My husband has this 90-year-old aunt who gives us a generous monetary gift right before the holidays each year. Basically, she sends you a check a few weeks before Christmas, and you have to reach out to her after you receive her check in the mail and thank her. That’s all she really asks for.
Usually I’d been the one to call and thank her, but this year it was on my husband’s plate. Of course I had to remind him. Several times. But then finally he said he had done it, and I figured it was all good.
(You know where this is going, don’t you?)
A few weeks later we show up to a family holiday party and I see my husband’s aunt. I give her a big hug and say, “I know Steve thanked you, but I wanted to thank you again for the gift.”
Then, SILENCE. She looks at me—a little confused, a little annoyed—and says, “No, he didn’t.”
Inside, I’m feeling totally awful, because sending us this holiday gift and getting a thank you call is like the highlight of this woman’s holidays—maybe of her life at this point. So, I mumbled a quick, “Oh, I’m so sorry.”
Then—even though it wasn’t my damn fault—I felt like I should apologize and take responsibility. I made up some excuse like, “Oh, I had been really busy with work and asked him to take care of it.”
I mean, I wasn’t going to go and explain to this woman that my husband and I were working on a plan to divide up the mental load of our household… she likely would have had no clue what I was talking about.
“Well, you could have made time to call me,” she came back with. And honestly, considering I had made up some cockamamie excuse about being too busy for her, that was a pretty understandable response.
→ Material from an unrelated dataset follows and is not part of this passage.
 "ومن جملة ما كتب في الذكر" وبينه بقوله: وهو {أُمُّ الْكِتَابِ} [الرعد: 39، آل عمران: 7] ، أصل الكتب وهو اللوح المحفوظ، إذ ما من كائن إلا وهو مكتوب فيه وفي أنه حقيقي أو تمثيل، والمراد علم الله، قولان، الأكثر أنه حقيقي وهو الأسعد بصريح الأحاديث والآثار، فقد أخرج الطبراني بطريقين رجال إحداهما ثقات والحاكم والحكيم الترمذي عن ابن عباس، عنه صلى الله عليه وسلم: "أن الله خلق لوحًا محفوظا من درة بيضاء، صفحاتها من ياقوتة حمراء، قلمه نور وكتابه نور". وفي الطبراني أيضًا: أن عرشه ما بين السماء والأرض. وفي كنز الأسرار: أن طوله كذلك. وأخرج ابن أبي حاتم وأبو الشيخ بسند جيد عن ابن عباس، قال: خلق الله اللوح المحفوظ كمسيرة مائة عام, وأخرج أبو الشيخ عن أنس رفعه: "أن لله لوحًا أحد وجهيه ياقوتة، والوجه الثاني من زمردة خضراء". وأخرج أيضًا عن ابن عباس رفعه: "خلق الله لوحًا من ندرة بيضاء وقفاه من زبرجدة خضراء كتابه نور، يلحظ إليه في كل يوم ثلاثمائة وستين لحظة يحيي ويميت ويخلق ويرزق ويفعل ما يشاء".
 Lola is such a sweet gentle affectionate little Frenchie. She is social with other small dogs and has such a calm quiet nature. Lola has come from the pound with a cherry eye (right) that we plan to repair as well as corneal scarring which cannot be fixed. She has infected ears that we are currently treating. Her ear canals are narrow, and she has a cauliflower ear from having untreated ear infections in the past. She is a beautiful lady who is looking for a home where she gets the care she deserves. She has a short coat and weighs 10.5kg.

I then excused myself from the situation, locked myself in the nearest bathroom, and tried not to cry.
OMG, I thought to myself, we are right back where we started. As far as I knew, I was still the only one who had taken responsibility for thanking her for the gift. She fully expected me to, because I always had. And now, my husband’s forgetting to do this was my fault, at least partially, in her eyes. Either way, I was definitely the one bearing the burden of feeling bad about it.
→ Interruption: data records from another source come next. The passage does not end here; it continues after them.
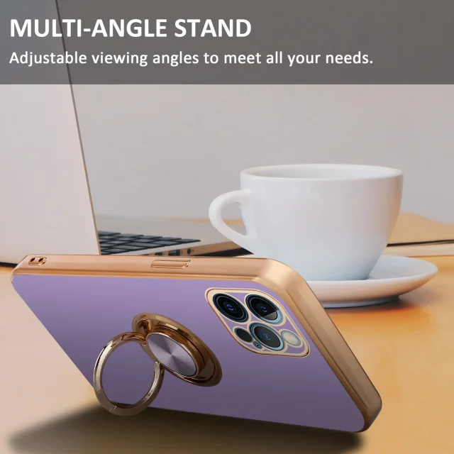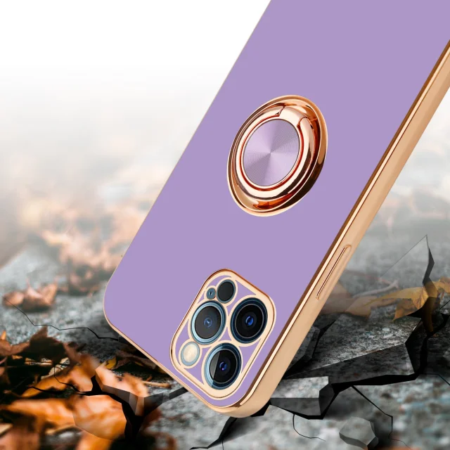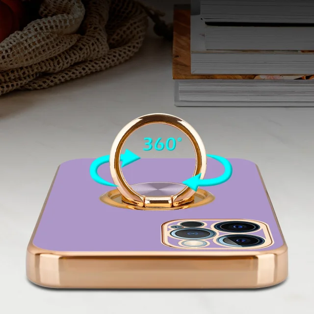 CADORABO Apple v sijajnem svetlobnem vijoličnem - Zlato z obročem silikonski/TPU ovitek z zaščito pred kamero in držalom magnetnega avtomobila
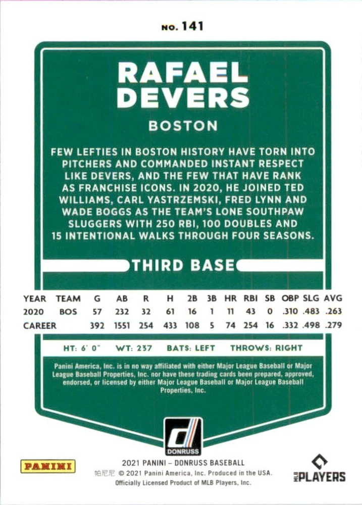 2021 Donruss Boston Red Sox Baseball Card #141 Rafael Devers Front Back Sport: Baseball Set: 2021 Donruss Year: 2021 Item#: 141 Player: Rafael Devers Team: Boston Red Sox Brand: Donruss Manufacturer: Panini Group Grading Company: Raw Grade SetType: Main Item Condition: Near Mint/Mint 2014 Beckett Collectibles, LLC. All Rights Reserved Powered by: Thank you for choosing Burbank Sportscards, the sports cards superstore. We offer a large selection of singles across all sports. Visit our ebay store to view all our items available. Our Shipping Policy We offer Free Standard Shipping to all Domestic customers. Options for Expedited shipping are also available at checkout. For our international customers, shipping is $9.99 for the first item, and $0.25 for each additional item. Note to all customers: To qualify for combines shipping, we ask our customers to add items into the shopping cart. Please note, we do not combine orders that are placed separately. Our Service: Generally, our turnaround is super quick as we process and send out orders same day payment is received. Stock Availability: We do our best to ensure all items are in stock; however, in case of the rare stock out, the customer will have the option for a replacement card, or we will process a refund so the order is not held up. Our Images: Many of our images are stock photos from Beckett archives. They are a representation of the actual card you would receive. If you have any questions regarding the item you're interested in, please feel free to ask (serial numbers and relic pieces may vary) Moreover, in a case of a wrong or defective photo, please notify us, so we can adjust it. Other FAQ's: -When buying multiple cards, do you top load each item? No; however, we do try to insure all items are shipped securely. If you wish to have all of your cards top loaded it is a paid service and can be arranged. Please email for more details. For other questions, please feel free to ask. Thank you.
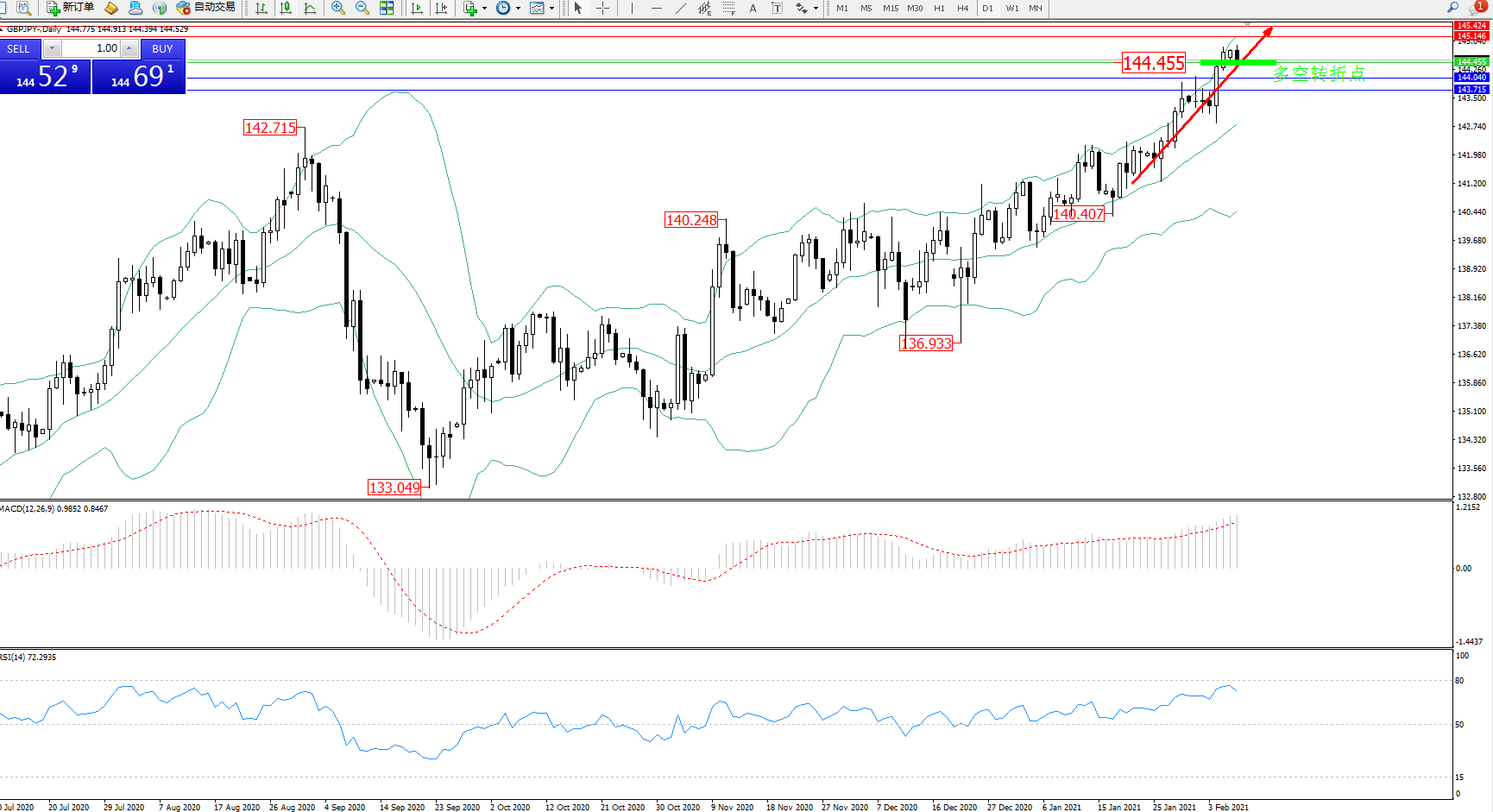 技术点评:多头动力延续布林带指标通道中上轨区间持续震荡上扬,多头屡破新高,布林带指标呈缓慢上扬走势后缓慢张口,多头动力尚未有止步迹象,MACD指标处于多头区域呈缓慢向上移动走势良好,RSI指标处于多头区域维持整理平缓上扬至80均衡线下方弱势徘徊中;
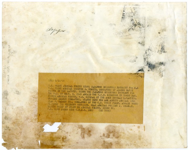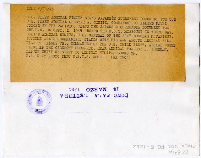 Sulla nave «Missouri», attraccata nella baia di Tokyo, il 01/09/1945, il comandante della Marina americana Chester W. Nimitz firma il documento della resa del Giappone.

This is even fucking worse than if I had done it myself, I said to myself. Actually, MUCH worse.
Long story short, you can bet I found my husband at that damn party and raged at him for a full minute before he told me that yes, he had in fact gotten in touch with her.
Yep, folks. He had reached out to her. Ready for it? He’d written her an email. A motherfucking email. He’d thanked his 90-year-old aunt via email. And he didn’t notice whether or not she had returned the email. He didn’t confirm in any way that she’d received it. Because he figured, she must check her email.
WTAF, dude.
It was a good thing we were at a family party where we had to be civil and not have a raging, screaming fight—because I don’t think I’ve ever felt more bewildered, blindsided, and pissed the fuck off.
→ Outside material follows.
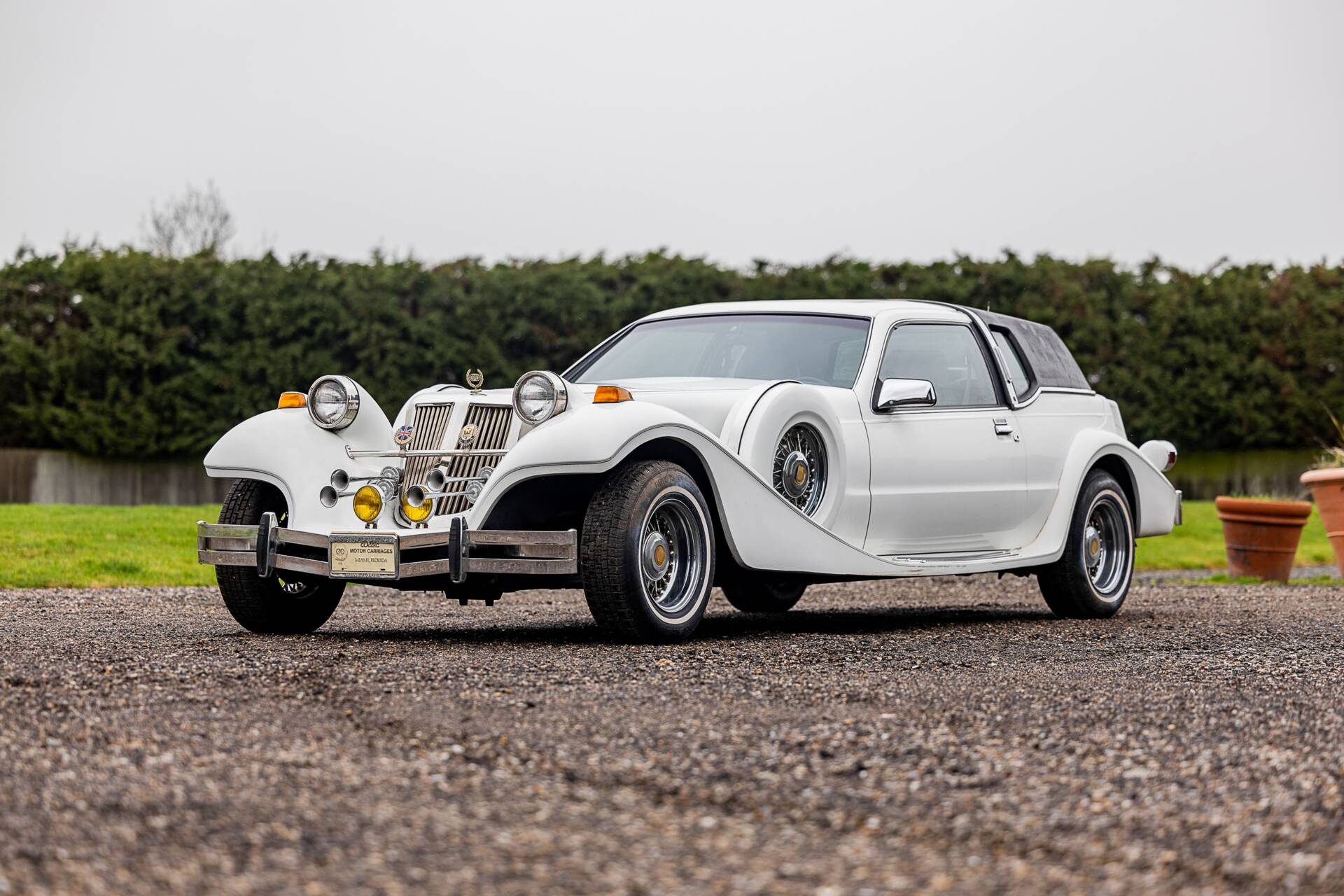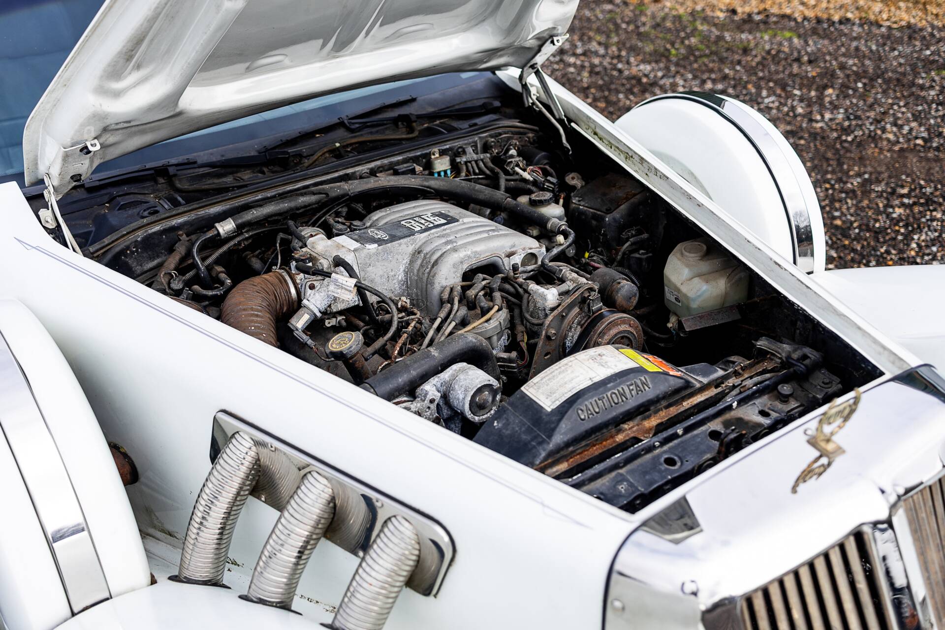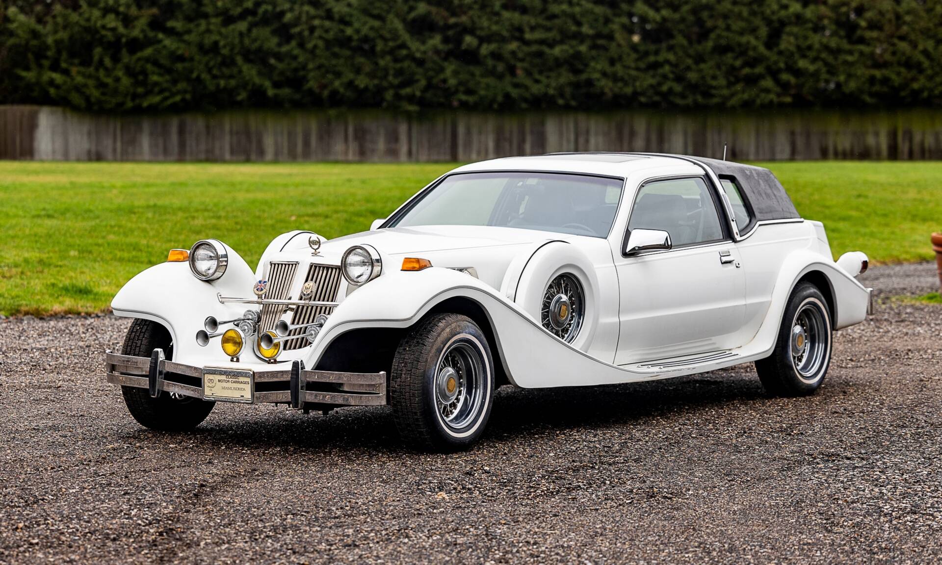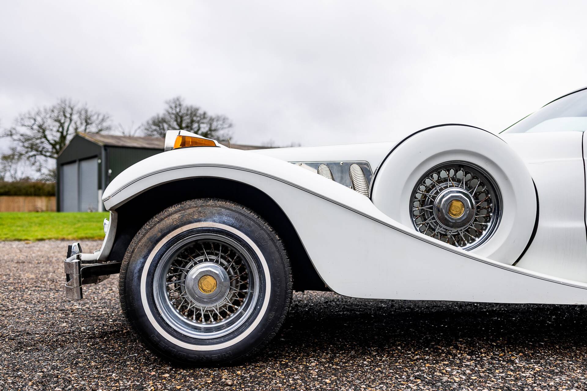 Built on the Mercury Cougar chassis and modelled on 1930's luxury cars, this retro five-seater boasts a 5.0 litre V8 multipoint fuel injected engine coupled to a smooth automatic gearbox. This example was sent from Florida and spent much of its early life in the UAE, finished in white with an abundance of chrome and with luxury grey leather trim. The car boasts electric windows, mirrors, a glass sunroof, cruise control, power steering and air conditioning all controlled inside while sitting behind a full digital dash of the 80's which at the time of consignment is in fully working order. These are becoming rarer and, in this condition, fully working and with such low mileage this is a collector's item, ideal for film work or occasions with the oversized headlights, huge curving fenders and side exit exhausts. Underneath this example shows its little use incredibly well with the car appearing like new, due to its existence in the UAE it has escaped the usual pitfalls of the colder climbs but has been recommission with a new fuel tank and fuel pump, indeed it starts on the button. Supplied with a UK NOVA number and taxes paid this can be registered in the UK or anywhere in the world. If you want to turn heads nothing will do it quite like a CMC Tiffany. Consigned by Mathew Priddy
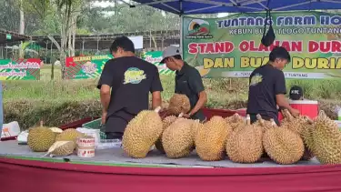 "Tentunya durian ini tidak hanya daging matangnya, bisa juga dilakukan inovasi dalam beberapa makanan misalnya kolak durian, keripik durian, untuk bahan campur kue, es krim durian, dan masih banyak lagi," jelasnya.

An email. A goddamn email. You don’t thank your 90-year-old aunt over email.
You can bet your ass I made my husband walk over to his aunt and apologize his ass off for not calling her to thank her. I made him take full responsibility. She was pretty darn forgiving, although she continued to mention the fact that we both really could have called her. Ughhh. Still, all was forgiven and there were no hard feelings.
As for how the “sharing the mental load” is going since then? Well, it’s… going. Nothing that embarrassing or enraging has happened since the holiday incident. At the same time, it’s hard to trust that my husband is really going to do what he says he’s going to do. Or that he’ll know how to do each thing without elaborate instructions.
Let’s just say that he does the stuff on his list… but with lots of reminders and detailed step-by-step directives which sort of defeats part of the purpose of sharing the mental load.
But I also know that I’m “lucky” to have a partner who is willing to have these conversations and make an effort to pitch in. I’m trying to be more patient and trying to realize that learning doesn’t happen without some mistakes along the way.
Now, almost a year later, I can think about the “sending his 90-year-old aunt an emailed thank you note” incident and laugh…a little. But I also still kind of want to punch my husband in the face. You can’t blame me, right?